Each operator on our line knows the importance of careful measurement and documentation. New technicians shadow experienced hands for several weeks, learning the reasons for every pause, recheck, or sample draw. Instead of relying solely on automation, blending and drying steps are physically checked and logged after key process changes. This isn’t about being old-fashioned—it’s about recognizing that even small human decisions, when systematized, add up to real quality.
Feedback loops run in both directions. Some years ago, a customer flagged caking during storage in a batch sent overseas. Our packaging crew revisited palletizing steps, uncovered an unnoticed change in stacking method, and brought things back under control. Direct communication makes the process honest and transparent, contributing to a stronger bond between producer and user.
Regulatory teams monitoring new substances in sensitive areas focus more than ever on traceability and impurity control. We routinely adapt practices to emerging standards, not waiting for official deadlines. New monitoring equipment, such as high-throughput LC-MS instruments or next-gen elemental analyzers, go from optional to standard gear on our lines once experience shows their relevance.
On the R&D side, our chemists have explored alternate acid pairs and compared performance in both laboratory and real-world settings. Results confirm that our citric acid pair maintains better pH stability and less risk of introducing aggressive, non-volatile contaminants. This translates to lower post-reaction cleanup burden, especially important for customers working with high-value actives or specialty function compounds. Problems that appeared insurmountable for end-users—a stubborn solubility limitation or recurring batch-to-batch variability—are addressed by quick-turn experiments in our own labs, rather than slow escalations up distant corporate chains.

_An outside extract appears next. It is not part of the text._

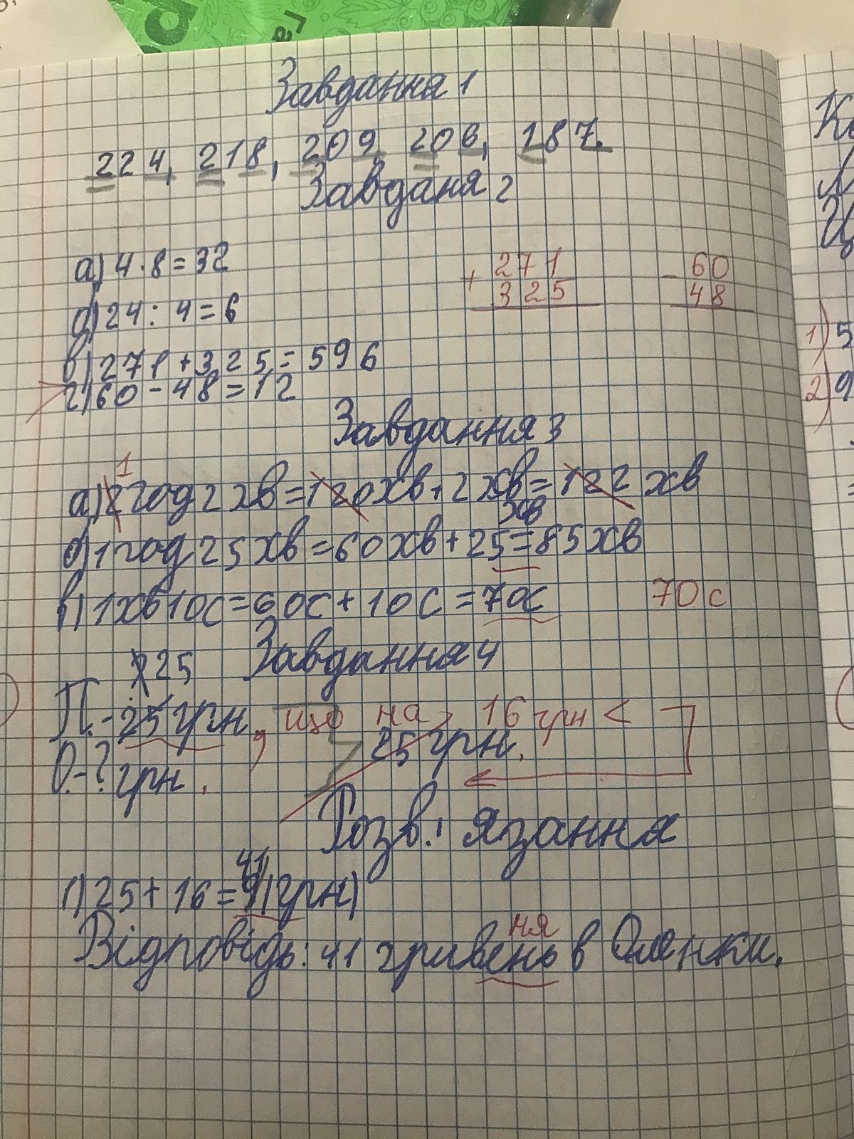 Посмотрите на работу внимательнее, без эмоций. Ошибок много. Краткое условие (то есть логическую схему задачи) записывать не умеет. Составлять выражение (вираз) тоже (ощущение, что списал или по аналогии хотел подставить, потому что числа верные, а операции с ними нет). Также 6 задание похоже списал, потому что ответ 25, а потом 40,то есть не понимает, куда что писать. Работа слабая. Но ругать не стоит, конечно. Лучше об´ясните ему, как правильно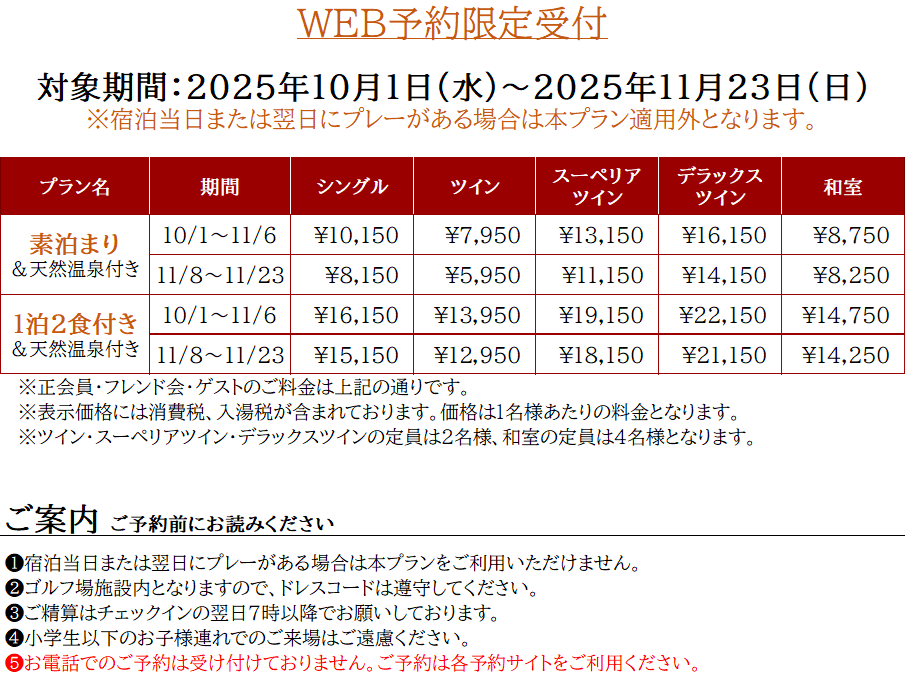 ”宿泊のみ” でご利用いただける秋のステイプラン!!

The chemical industry is filled with promises, but reliability on the ground builds from patient batchwork, repeatable results, and clear-eyed acknowledgment of both mistakes and successes. 2-(diethylamino)ethyl pyridine-3-carboxylate 2-hydroxypropane-1,2,3-tricarboxylate is only as good as the care invested at every stage. Customer partnerships thrive on transparency and the willingness to adapt processes when real-life use uncovers shortcomings. We value feedback from formulators, process chemists, and purchasing managers who point out both strengths and weaknesses.
Every improvement reflects the practical realities learned through years of direct production: attention to moisture, packaging choices that address climate and logistics, and above all, a level of operator experience that cannot be replaced by documentation alone. As we continue refining our methods and responding to shifting industry needs, we ground ourselves in the lessons earned through honest work and open communication with every batch shipped.